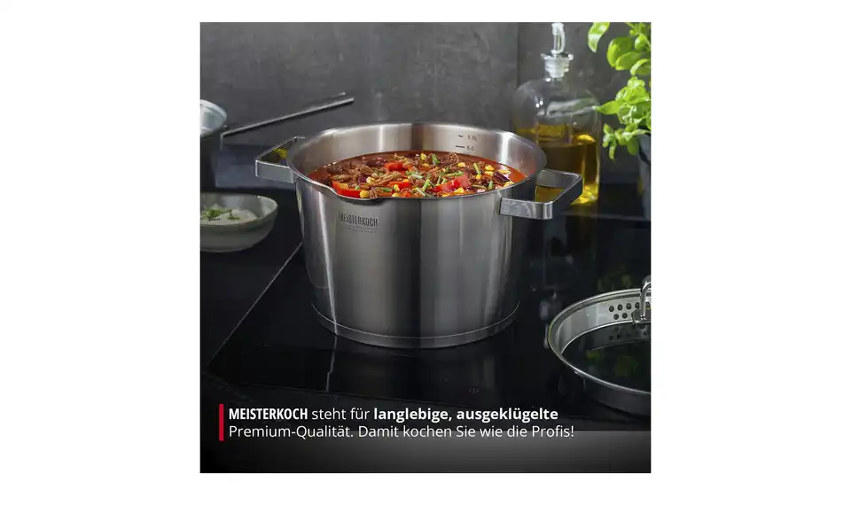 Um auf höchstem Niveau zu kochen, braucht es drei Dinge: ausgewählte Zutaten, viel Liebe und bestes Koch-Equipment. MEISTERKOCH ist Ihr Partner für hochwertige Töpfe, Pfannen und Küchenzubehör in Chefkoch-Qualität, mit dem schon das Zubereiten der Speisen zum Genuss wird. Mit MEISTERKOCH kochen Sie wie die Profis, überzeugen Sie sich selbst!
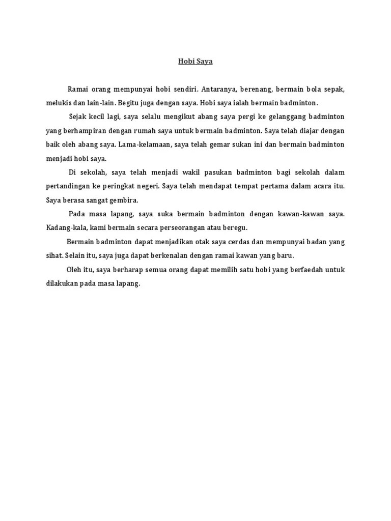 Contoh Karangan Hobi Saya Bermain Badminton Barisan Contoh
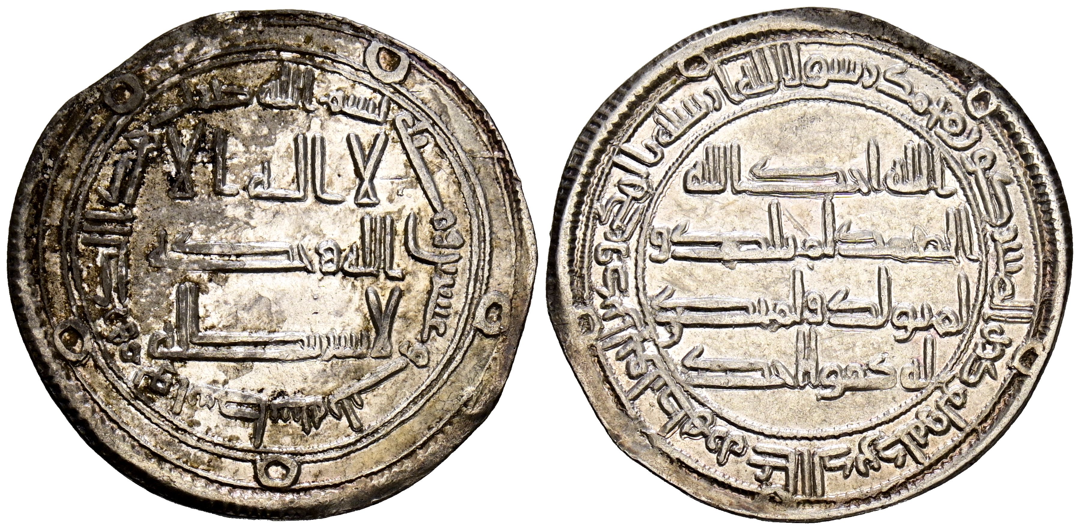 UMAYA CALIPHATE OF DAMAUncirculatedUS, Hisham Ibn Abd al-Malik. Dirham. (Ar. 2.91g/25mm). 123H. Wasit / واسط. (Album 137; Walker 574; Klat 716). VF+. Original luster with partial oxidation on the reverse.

* * *

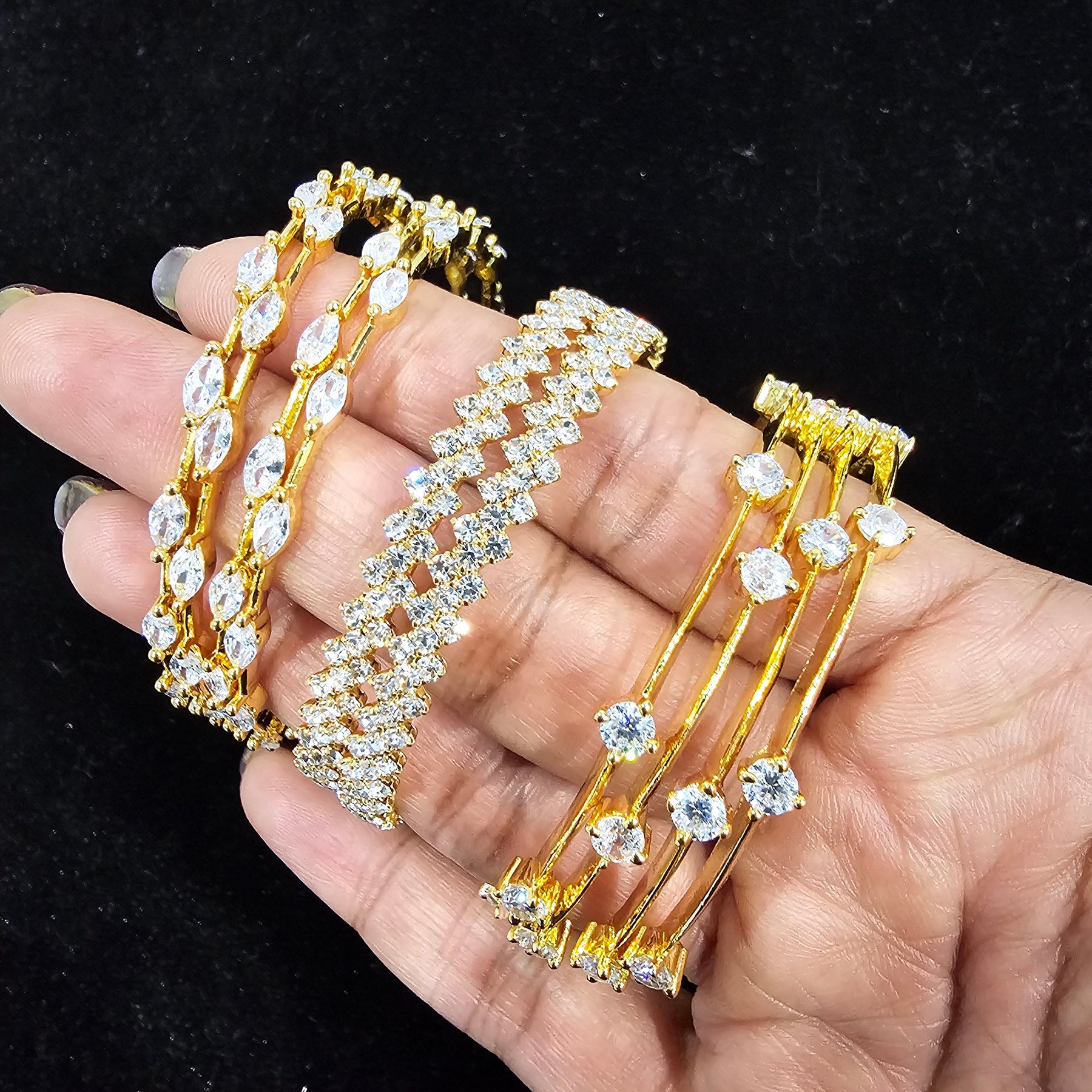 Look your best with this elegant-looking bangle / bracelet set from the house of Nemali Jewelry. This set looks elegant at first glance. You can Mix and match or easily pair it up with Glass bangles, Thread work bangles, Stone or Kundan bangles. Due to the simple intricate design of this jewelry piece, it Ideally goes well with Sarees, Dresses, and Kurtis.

* * *

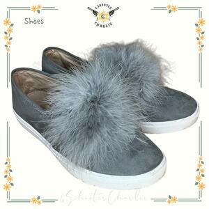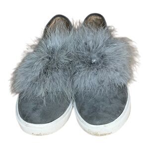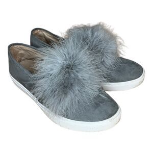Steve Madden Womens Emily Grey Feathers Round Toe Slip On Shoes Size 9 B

◆ WHAT YOU HAVE TO DO ◆
Using the entries above, transcribe every line from the line containing "Um auf höchstem" through the line containing "UMAYA CALIPHATE OF". Do not copy pictures.

◆ SOLUTION ◆
 Um auf höchstem Niveau zu kochen, braucht es drei Dinge: ausgewählte Zutaten, viel Liebe und bestes Koch-Equipment. MEISTERKOCH ist Ihr Partner für hochwertige Töpfe, Pfannen und Küchenzubehör in Chefkoch-Qualität, mit dem schon das Zubereiten der Speisen zum Genuss wird. Mit MEISTERKOCH kochen Sie wie die Profis, überzeugen Sie sich selbst!
 Contoh Karangan Hobi Saya Bermain Badminton Barisan Contoh
 UMAYA CALIPHATE OF DAMAUncirculatedUS, Hisham Ibn Abd al-Malik. Dirham. (Ar. 2.91g/25mm). 123H. Wasit / واسط. (Album 137; Walker 574; Klat 716). VF+. Original luster with partial oxidation on the reverse.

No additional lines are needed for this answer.